Disclosure of Invention
Based on this, it is necessary to provide an ankle joint rehabilitation training device aiming at the above problems, which has a simple structure, can realize the continuous activity training of the ankle joint of the patient without a complicated control program, and can effectively reduce the production cost.
An ankle joint rehabilitation trainer, comprising:
a support;
the shank guard plate is connected with the bracket;
the pedal piece is rotatably connected with the bracket through a first rotating shaft;
the crankshaft assembly is rotatably connected with the pedal piece at one end and is rotatably connected with a sliding block at the other end; and
the driving assembly is arranged on the support and used for driving the sliding block to do reciprocating motion, and then the crankshaft assembly can drive the pedal to do circular motion around the first rotating shaft.
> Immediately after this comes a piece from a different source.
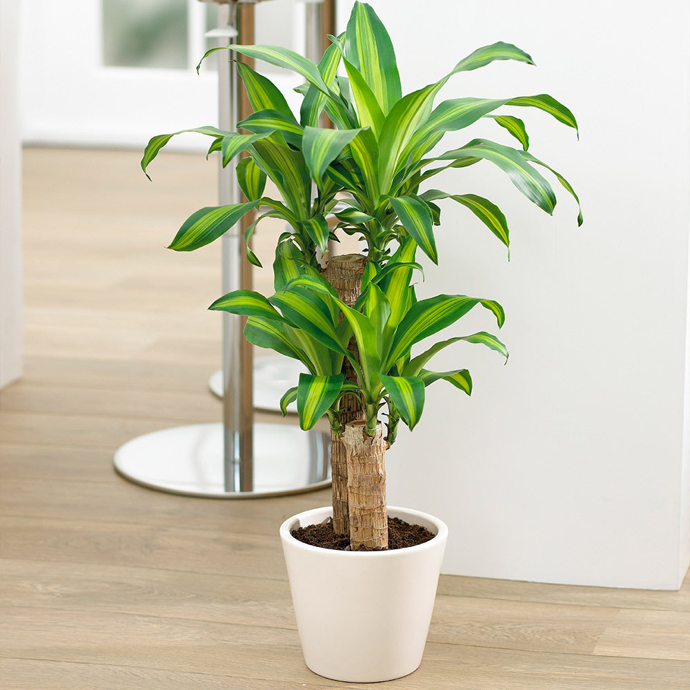 Adaptable and totally lush, the Dracaena Massangeana Cane, also known as the Corn Plant, is known for its versatility, compact size and slow yet steady growth. It’s perfect for first-time plant owners as well as those who are away from home often. Why? Well, because it's low-maintenance and luxuriant.

When using above-mentioned ankle joint rehabilitation training device to carry out rehabilitation training, patient's foot is fixed through pedal, and the shank position is fixed through the shank backplate, is reciprocating motion through drive assembly drive slider, and then can make bent axle subassembly motion and drive pedal and be circular motion around first pivot to realize patient's ankle joint's the training of continuously moving about, whole process need not medical personnel and participates in, and the patient can independently carry out rehabilitation training. The ankle joint rehabilitation trainer has a simple structure, can realize the continuous activity training of the ankle joint of a patient without a complex control program, and can effectively reduce the production cost.
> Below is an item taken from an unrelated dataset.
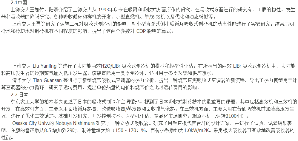 摘要:溴化鋰吸收式制冷技術(shù)在我國得到了飛速發(fā)展和廣泛應(yīng)用。通過對溴化鋰吸收式制冷技術(shù)的回顧與展望,在此基礎(chǔ)上簡單介紹了世界各國對吸收式制冷的研發(fā)和應(yīng)用現(xiàn)狀。因化工、電力行業(yè)普遍有余熱資源可以利用,溴化鋰制冷正好適應(yīng)此特點,回收大量余熱、節(jié)約生產(chǎn)成本創(chuàng)造剩余價值。尤其我國將熱、電、冷聯(lián)產(chǎn)技術(shù)作為國家鼓勵發(fā)展的通用節(jié)能技術(shù),這更為溴化鋰制冷技術(shù)提供了廣闊的發(fā)展空間。

In one embodiment, the driving assembly comprises a driving member and a vertically extending screw rod, one end of the screw rod is rotatably connected with the bracket, the other end of the screw rod is in driving connection with the driving member, the sliding block is in driving connection with the screw rod, and the driving member is used for driving the screw rod to rotate, so that the sliding block can reciprocate along the screw rod.
In one embodiment, a fixed seat is arranged at the bottom of the bracket, a bearing is mounted on the fixed seat, and the first rotating shaft is rotatably connected with the fixed seat through the bearing.
In one embodiment, the ankle joint rehabilitation training device further comprises a protective cover, the protective cover is fixedly connected with the support, and an accommodating cavity for accommodating the driving assembly and the sliding block is formed between the protective cover and the support.
In one embodiment, the crankshaft assembly comprises a crankshaft body and a push rod, the crankshaft body comprises a straight shaft section and a bent shaft section which are connected with each other, one end of the push rod is slidably matched with the straight shaft section, the other end of the push rod is rotatably connected with the sliding block, and the end, far away from the straight shaft section, of the bent shaft section is rotatably connected with the pedal.
In one embodiment, the straight shaft section is provided with a hollow cavity, one end of the push rod is movably inserted into the hollow cavity, and the crankshaft assembly further comprises a buffer structure arranged in the hollow cavity and used for buffering the movement of the push rod.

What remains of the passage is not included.